Edmund had begged Grace Seymour to consent to be married before they left England; but the girl had some unaccountable longing for her own land, which, though he smiled at as childish, he nevertheless was too chivalrous to combat. He was to follow speedily, with George Charteris as groomsman, and an older friend, a priest bound for some of the Indian missions.

So the ocean was crossed once more, and in her own home, the beautiful marriage-gift she brought her husband, Grace Seymour was married. Mr. Ashmead, whom, with characteristic courtesy, she would not exclude from her quiet, unattended wedding, told her solemnly, as he walked by her side to her mother's grave under the thick-shaded elms, that he had had a secret once, which he wished to tell her now.

In grave wonderment she turned her eyes upon him. "My child," he said sadly, but with no shame flushing his clear cheek, "I once dreamt to have you for my own, and I waited from the moment I saw you first, standing here, bending down to look into the unfilled grave, till I saw your mind unfolding and blossoming, as in a cloistered garden, all alone; but when I knew that your faith was disturbed, my heart bled for you and for myself, for I saw that I had no spell wherewith to give you back what you had lost. And since the day your father left us, the dream faded as a thing that God had ordained not to be. So now, though our faiths are widely different, and though the memory of those times is very dear to me still, I can take your hand in all a father's freedom, and give you and your husband a father's blessing. Let us be friends for ever, Grace, will you?"

She had listened to him with a bright blush and attentive expression; she now took his hand, and said earnestly: "Yes, Mr. Ashmead; God bless you!"

The years sped on. Edmund Oakhurst soon owned estates that would have thrice bought the old homestead of his wife's early days; his fields were the fullest, his experiments the most successful, his men the best cared for, his profits the largest, his prosperity the most steady, in the whole country around. People left off calling him the "Britisher," and spoke respectfully of him as the "Squire"; even his religion was favorably regarded in consideration of his position and his well-known generosity. Children like himself rose up around him, and the convict's child seemed only like the elder brother of the rest. Things gradually changed, and Catholic schools and colleges made their appearance in the land. Oakhurst thought it more prudent to send his sons and his so-called nephew to American centres of Catholic education, rather than to the more advanced universities of France; but he reserved for home-teaching the nameless refinement he wished to stamp on his children. His wife was the worthy successor of her mother, whose sweet presence had once been so dear to the villagers of Walcot; only her silent influence was now directed to that end which, after death, had become that of her mother too.

When, fifteen years later, the man who had left England a convict landed in America an emigrant, he found his oldest boy studying for the priesthood, and fast and enthusiastically outstripping his companion and rival in theological learning, Oakhurst's own second son. Again another change and another joy had been added to Grace's life, when her brother, on attaining his majority, came over with his uncle, George Charteris, now a tolerably well-behaved married man, and paid her a long visit within the walls of the old home, untouched and unchanged from what he recollected, save by accumulation of mosses, and a denser growth of creepers round the gables and the porch.

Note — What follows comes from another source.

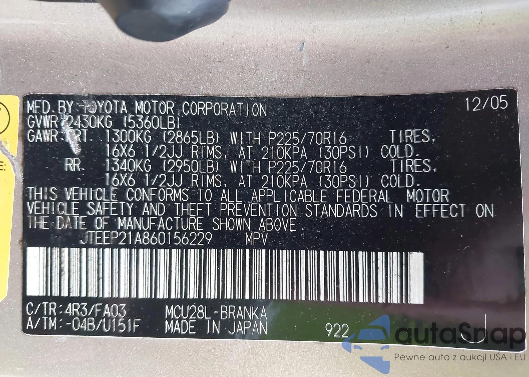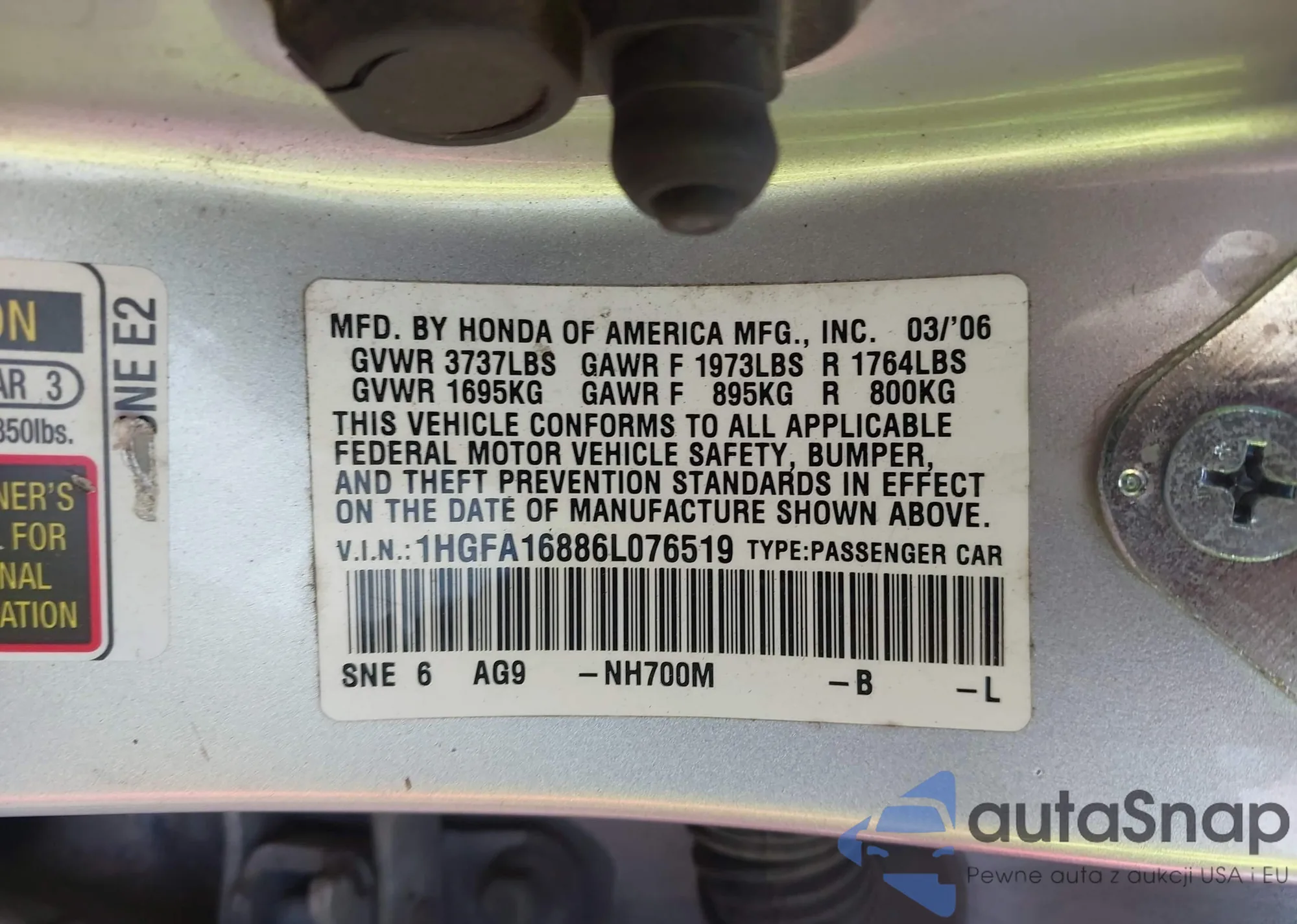 LOT: 42868486 VIN: 1HGFA16886L076519

They have all gone to their rest now, these friends with whom we have been treading the past—all, save the sons of Grace and Edmund, and their only daughter, who afterwards married George Howard's son and heir. The old name that had been alternately the watchword of Catholicism and Low-Churchism in Gloucestershire veered round again in their persons to its first allegiance, and contributed unwavering steadfastness to the sum of heroic courage shown forth by that army whose chiefs in England are called Newman, and Manning, and that modern S. Bernardine of Sienna, Frederick Faber.

Walcot, too, though of Puritan breeding, knows the sound of Catholic bells now, and the priest's house is the unchanged old Seymour cottage, while the pastor himself is the English convict's child.

Edmund Seymour's sacrifice had sown the first grain of which Grace Oakhurst's children reaped a hundred-fold.